Under Rule 15(a) of the Federal Rules of Civil Procedure, "[t]he court should freely give leave to amend when justice so requires." Accordingly, the court will provide Plaintiff an opportunity to file an amended complaint not exceeding 25 pages. Lopez v. Smith, 203 F.3d 1122, 1126-30 (9th Cir. 2000). Plaintiff is granted leave to file the First Amended Complaint within thirty days.

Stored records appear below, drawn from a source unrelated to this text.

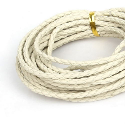 Kunstleer 3mm gevlochten Off White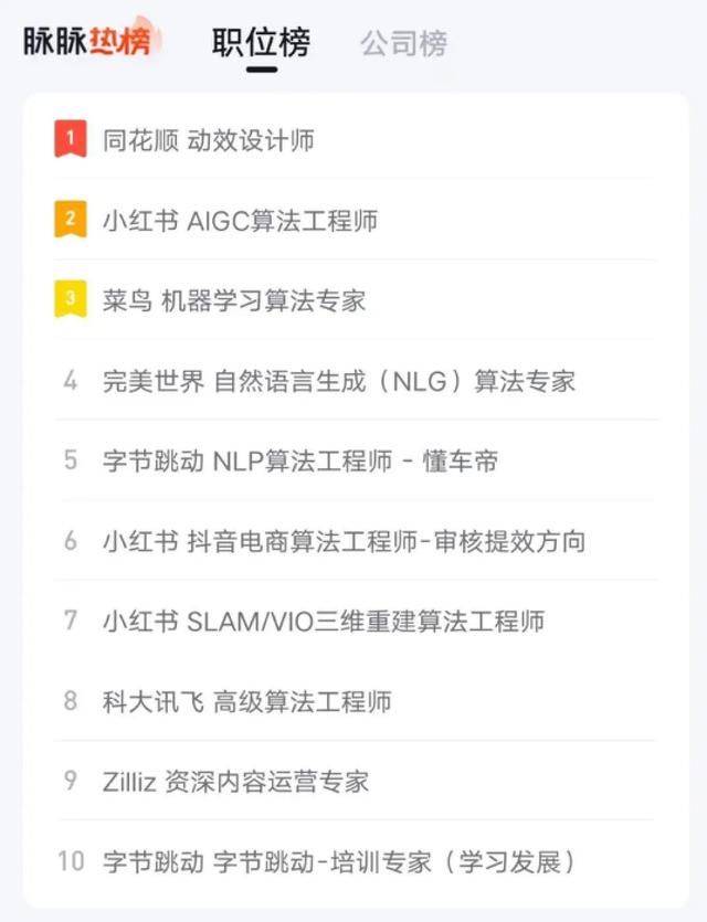 图注:脉脉职位热榜。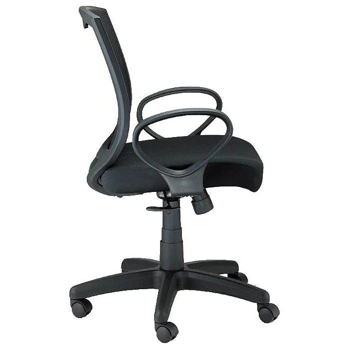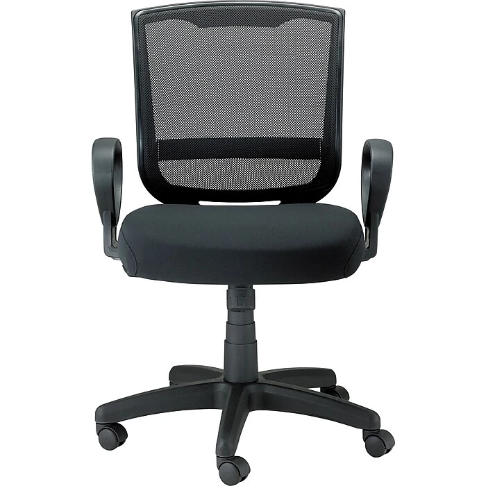 - Black mesh back and fabric upholstered seat for comfort, durability and a stylish look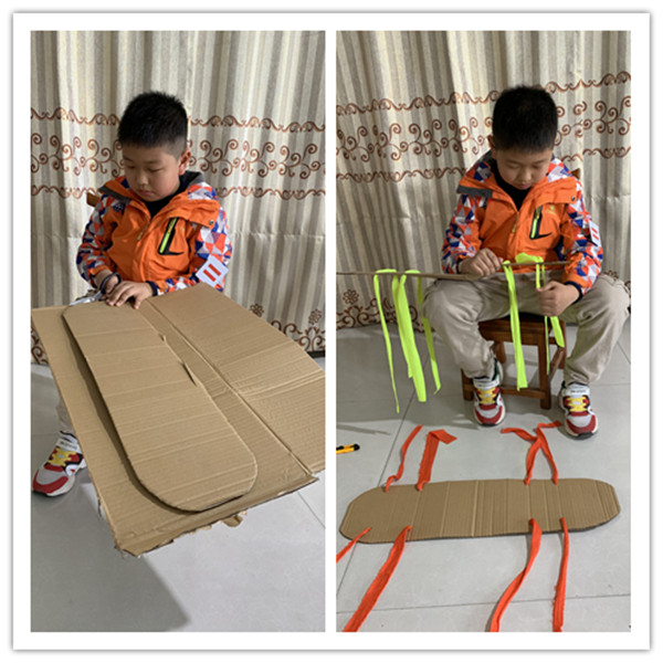 看看家中装璜剩余的地板怎样重新焕发新的生命力?找来宽宽的带子,剪成合适的长条,和爸爸一起钉上钉子。哈哈,稳稳的,牢牢的同心鞋就做好了。把脚伸进去,刚刚好。来,同心协力,我们“一二、一二”喊着号子,穿着同心鞋玩起来。
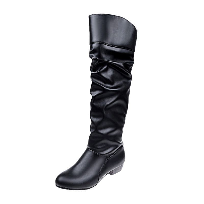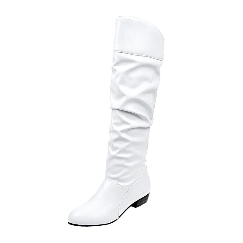 Large-Size Women's Shoes 2025 Autumn And Winter 2025 New With Female Knight Boots Solid Color Folded High-Sleet Leather Boots HZ0115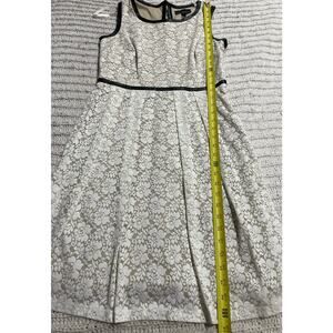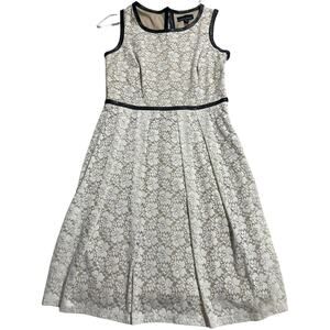 Cynthia Rowley Sleeveless Sheath Dress Lace Lined Knee Length Women's Size 6 White Tan Black Cocktail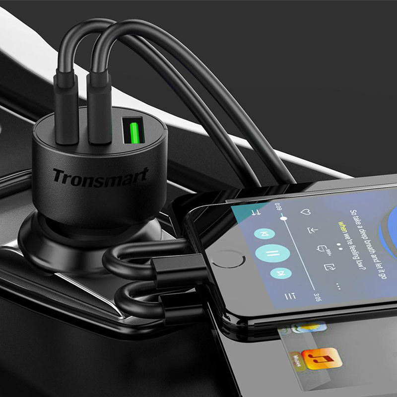 - Tronsmart Quick Charge 3.0 car charger. 1 Quick Charge port compatible with Quick Charge 3.0 and 2 VoltIQ ports. 42W in total.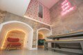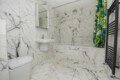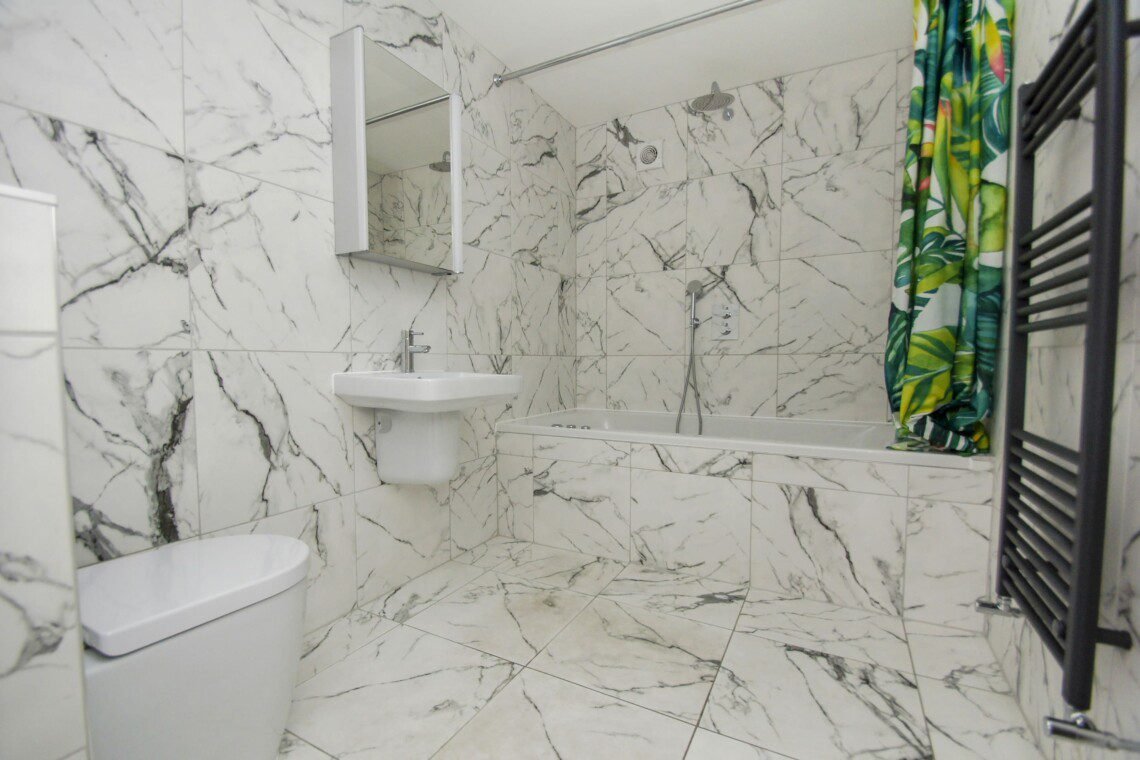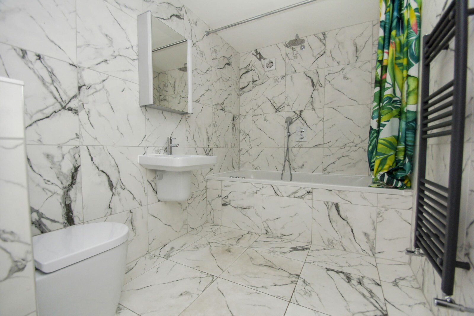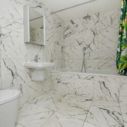 A luxurious marble-effect bathroom with a large Jacuzzi bath—perfect for a relaxing soak after a day of hen weekend activities. Also features a rainfall shower, a handheld shower, sink, mirrored cabinet with storage, heated towel rail, and toilet.

The First Amended Complaint must allege facts showing what each named defendant did that led to the deprivation of Plaintiff's constitutional rights. Fed. R. Civ. P. 8(a); Iqbal, 556 U.S. at 678; Jones v. Williams, 297 F.3d 930, 934 (9th Cir. 2002). Plaintiff must /// demonstrate that each defendant personally participated in the deprivation of his rights by their actions. Id. at 676-77 (emphasis added).
In the amended complaint, Plaintiff should include only those facts needed to state his claims against each defendant, and there is no need for legal citations, arguments, or hypothetical examples. As for his request for relief, Plaintiff does not need to specify the relief sought for each separate claim. It is sufficient to make only one request for relief in the complaint, indicating whether Plaintiff seeks monetary damages, punitive damages, and/or injunctive relief.

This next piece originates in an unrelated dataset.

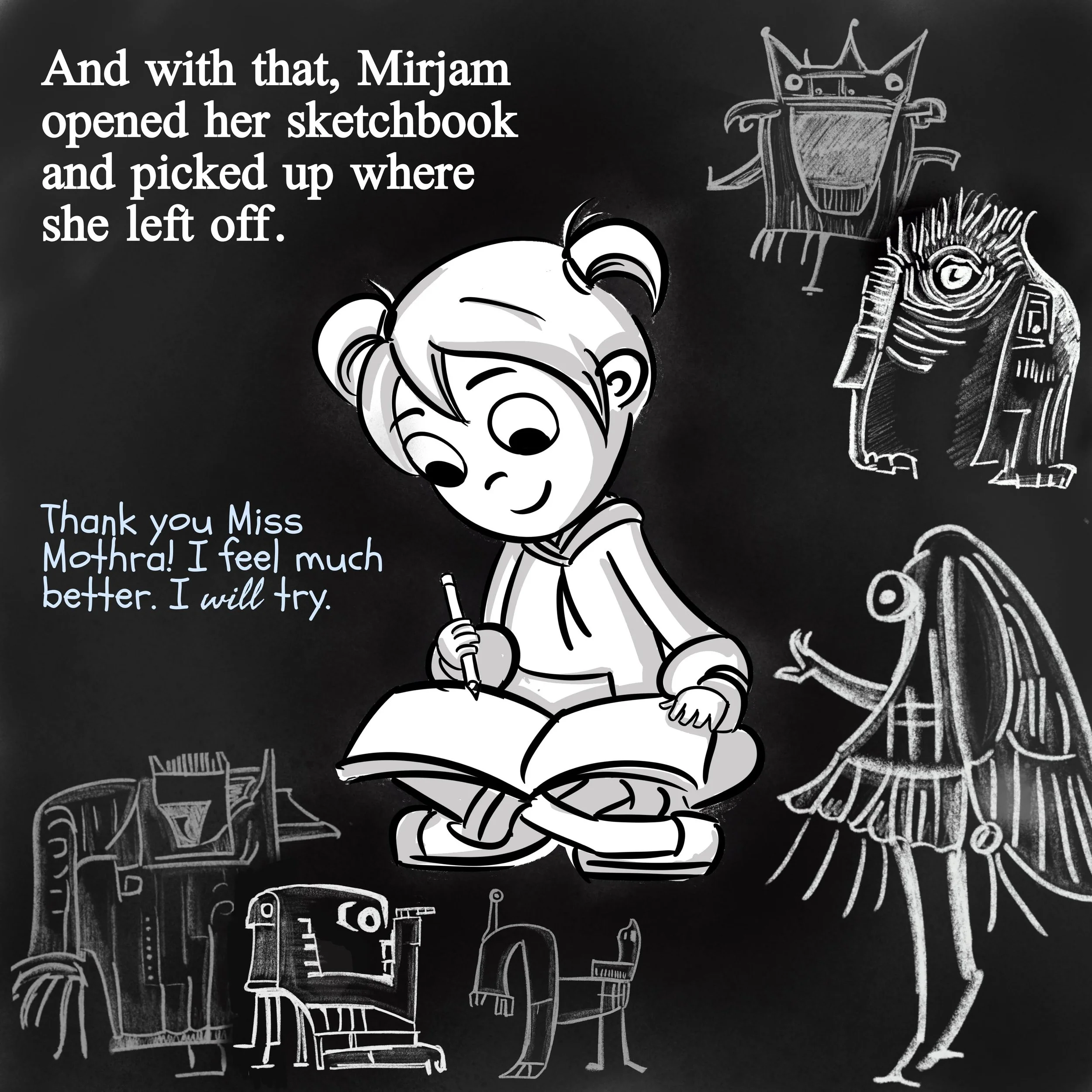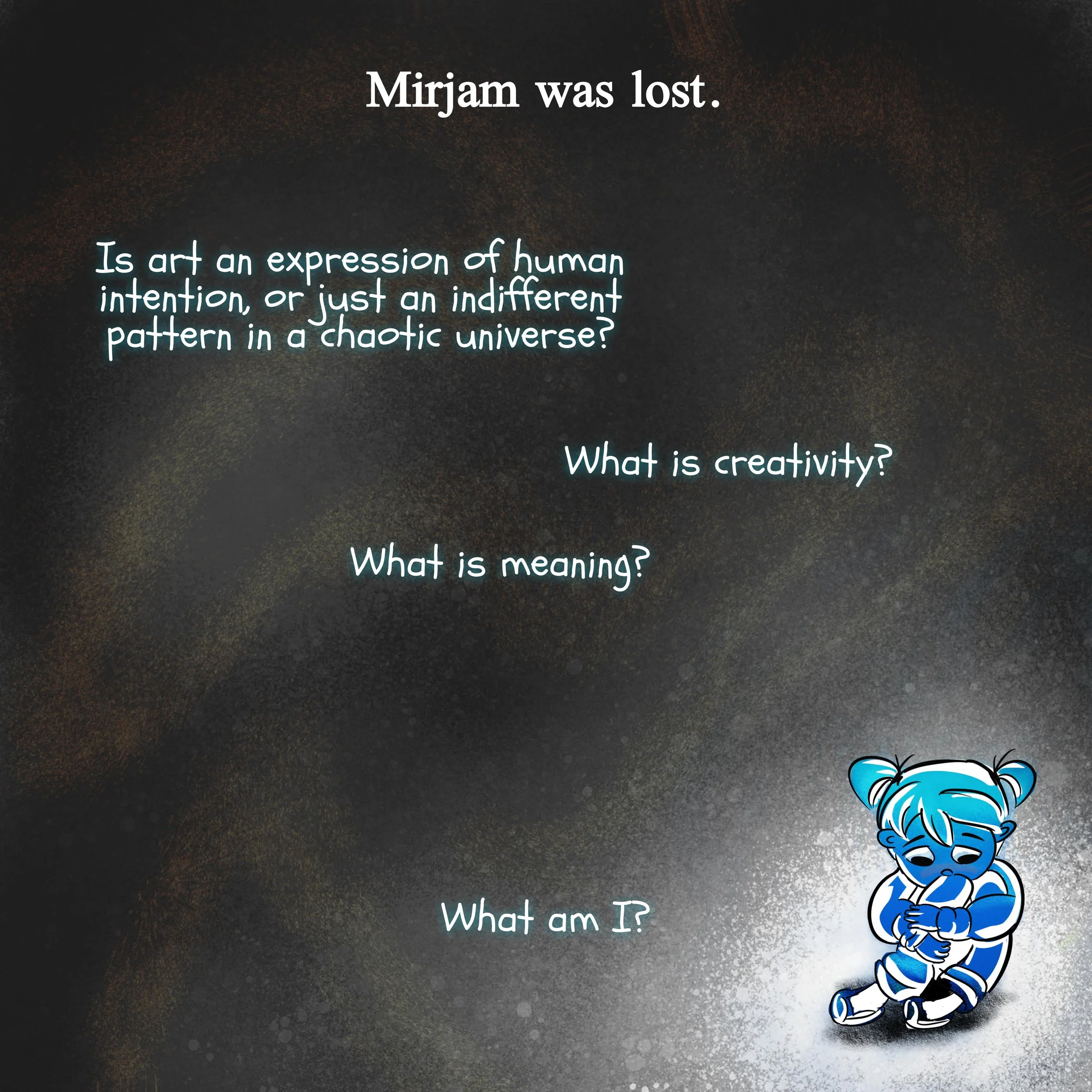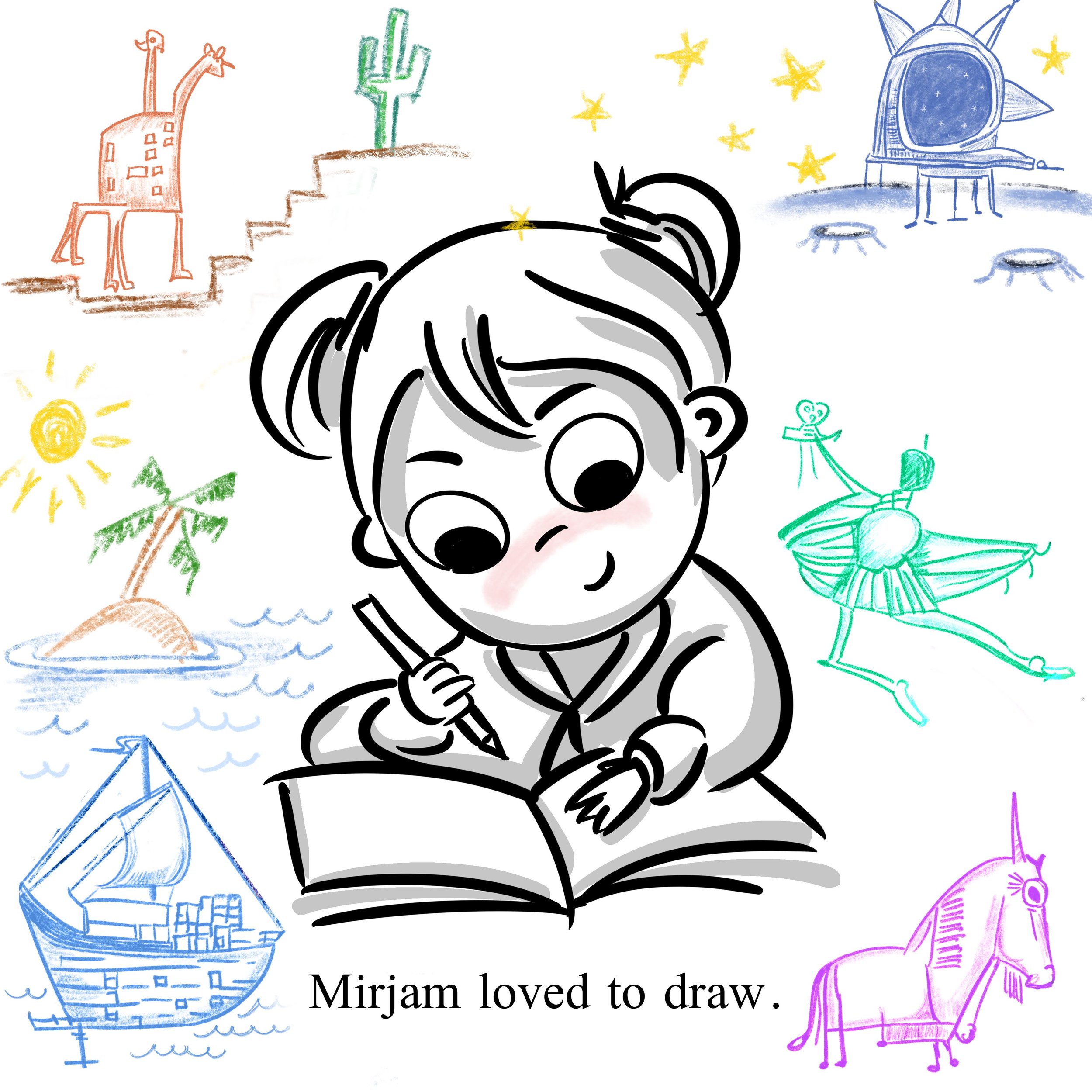 Mirjam’s Confusing Day is a children’s book I wrote and illustrated in 2022. The artwork combines hand-drawn illustration with images generated using locally run VQGAN+CLIP models.

Plaintiff should note that although he has been given the opportunity to amend, it is not for the purpose of changing the nature of this suit or adding unrelated claims. George, 507 F.3d at 607 (no "buckshot" complaints). Plaintiff is also advised that he has not been granted leave to include allegations of events occurring after the initiation of this lawsuit on November 30, 2017.
Plaintiff is advised that an amended complaint supercedes the original complaint, Lacey v. Maricopa County, 693 F 3d. 896, 907 n.1 (9th Cir. 2012) (en banc), and it must be complete in itself without reference to the prior or superceded pleading, Local Rule 220. Therefore, in an amended complaint, as in an original complaint, each claim and the involvement of each defendant must be sufficiently alleged. The amended complaint should be clearly and boldly titled "First Amended Complaint," refer to the appropriate case number, and be an original signed under penalty of perjury.

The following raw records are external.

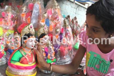 People shopping for Gauri idols for the Gauri and Ganesha Chaturthi festival , in Bengaluru on Tuesday 11th September 2018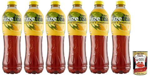 6 x FUZE TEA Lime Iced Tea, Lemon Black Tea with a Lemongrass Note, Soft Drink, Alcohol-Free, Disposable PET Bottle 1.25 Lt + Italian Gourmet Polpa di Pomodoro 400 g Tin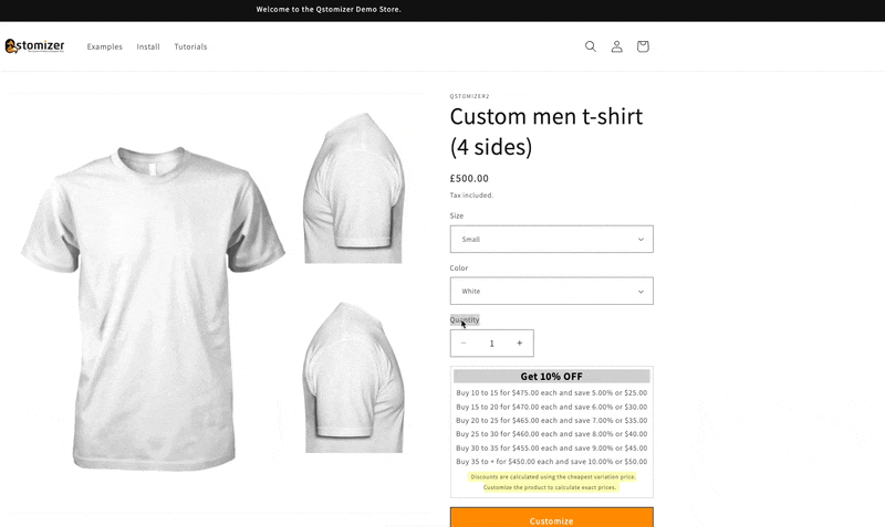 This way, the customer will only have the option to set the desired quantity within the Qstomizer customization interface, ensuring the data is correctly integrated with the price calculations.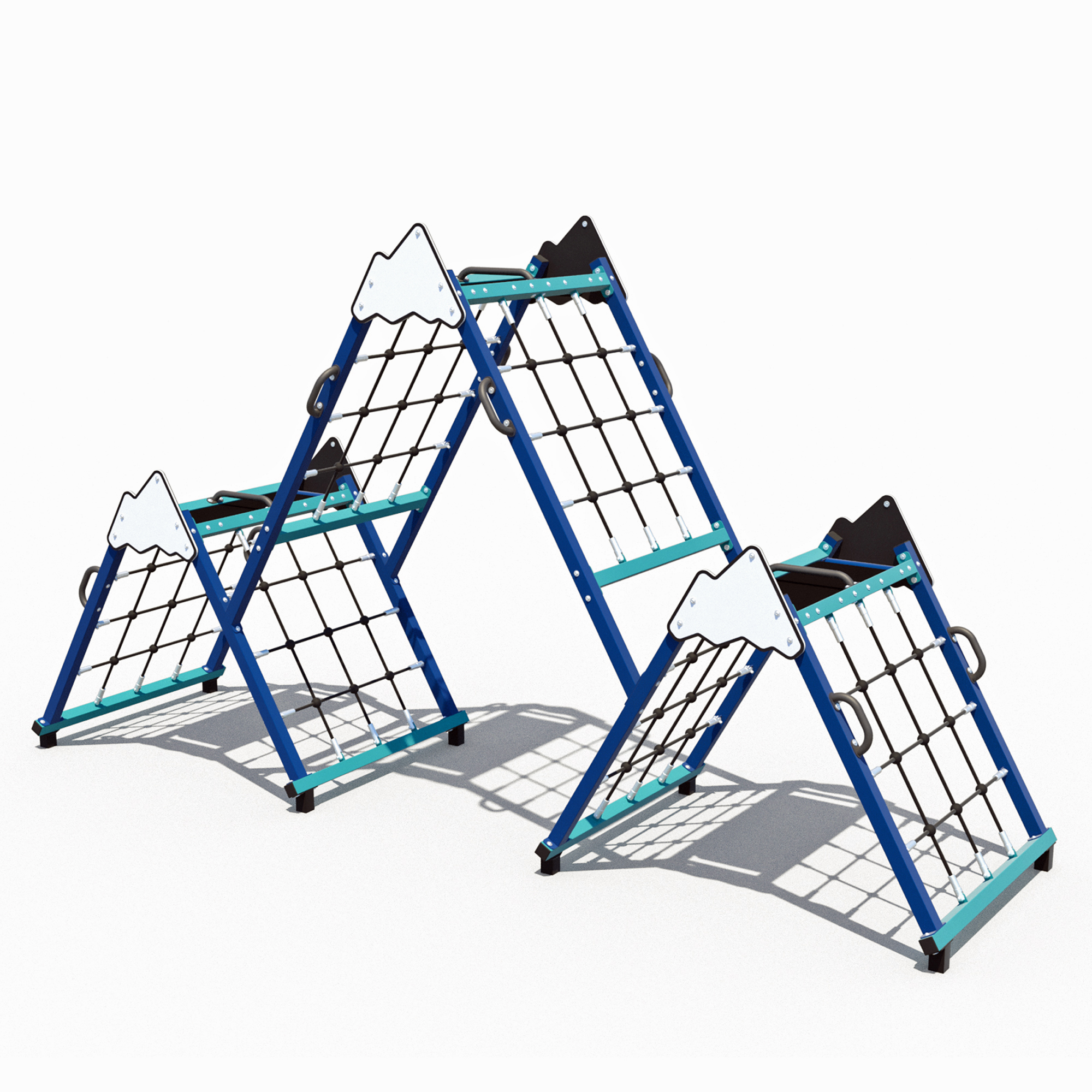 With its three showy snow-capped peaks, the Triple Peak Climber climber makes a bold visual statement and entices kids to explore. Angled nets at various heights invite young adventurers to climb, clamber, hang or even perch atop the peaks. The Triple Peak creates physical challenge and fun for diverse ages and skill levels, challenging kids to test their strength and coordination as they navigate their way up, down, over or under this unique playground climber. Children who are unable to climb can still feel they are a part of the action as they make their way through the structure or try pulling themselves up on the rope from underneath.

Based on the foregoing, it is HEREBY ORDERED that:
1. Plaintiff's Complaint is dismissed for violation of Rule 8(a), with leave to amend;
2. The Clerk's Office shall send Plaintiff a civil rights complaint form;
3. Plaintiff is granted leave to file a First Amended Complaint not exceeding 25 pages, within thirty (30) days from the date of service of this order;
4. Plaintiff shall caption the amended complaint "First Amended Complaint" and refer to the case number 1:17-cv-01592-AWI-GSA-PC; and
5. If Plaintiff fails to file a First Amended Complaint in compliance with this order within thirty days, this case may be dismissed for failure to comply with a court order.IT IS SO ORDERED.